Scaling MongoDB for a Growing Customer Base

MongoDB
MongoDB

Introduction

Here at Blend, one of the primary databases we use is MongoDB. MongoDB gives a number of important features, including flexible schemas, horizontal scalability, and solid operational tooling which have let us grow quickly as a business.

An important aspect of this success is how we organize data in our database; we want to ensure isolation between our customers’ data as much as possible in a single MongoDB cluster. Our solution for this is to have separate databases for each customer. This provides query safety: any individual query should always return exactly one customer’s data.

In this post we will talk about how we horizontally scaled our MongoDB cluster to over 40,000 requests per second, while still maintaining our customer data separation and query safety.

Signals of Problems

Database Problems
Database Problems

Our initial MongoDB cluster setup was a single replica set deployment consisting of three nodes (one primary, two hot secondaries) deployed across three AWS availability zones. We started seeing very noticeable performance drops every 60 seconds. Due to the regular cadence we were able to identify that this was from an internal WiredTiger process known as checkpointing. In short what happens here is MongoDB touches every file to ensure data consistency.

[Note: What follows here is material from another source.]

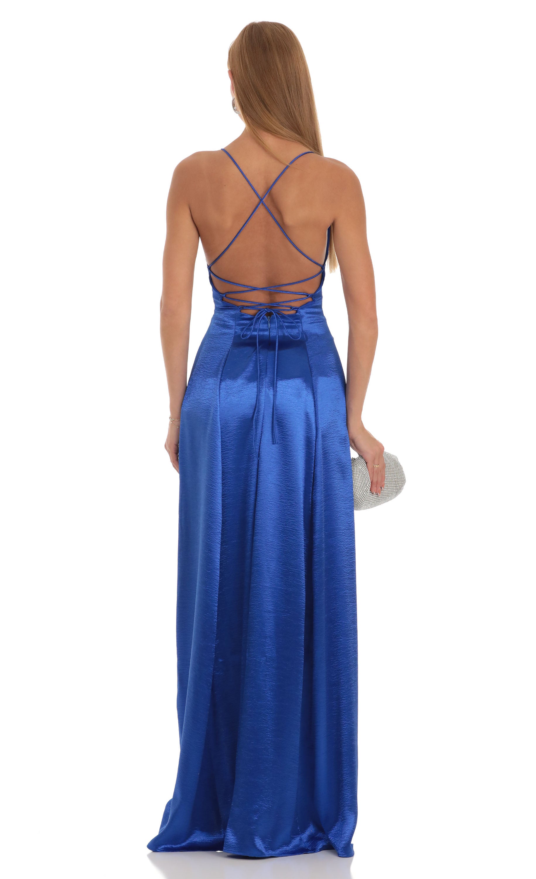 Designed in Los Angeles - Hand-Wash Cold - Made in Crinkle Satin Fabric - Partially Lined - Adjustable Tie Straps - Zipper Back - Double Slit Length of Dress 57in/145cm All Measurements Are For A Size Small Handling the garments with care, hand washing and air drying is strongly recommended. Slight modifications might be made to improve garment quality.

This problem was amplified for us because of how WiredTiger stores data on disk and because of our requirement of data separation. WiredTiger creates a new file for each collection and index in every database. We had a multiplicative factor here since each customer has a dedicated database and each database contains collections and indexes that are essentially the same across customers. At a certain point we started seeing the checkpointing process hitting our Linux servers’ max file handles.

Finding a Solution

In the short term, we performed an index cleanup exercise to remove any indexes that were unused or already covered by a compound index. We utilized two great options here to help assess index usage: MongoDB’s $indexStats query and MongoDB Compass. We also enabled and migrated to using the directoryPerDB option to help bring down the count of files in a single directory.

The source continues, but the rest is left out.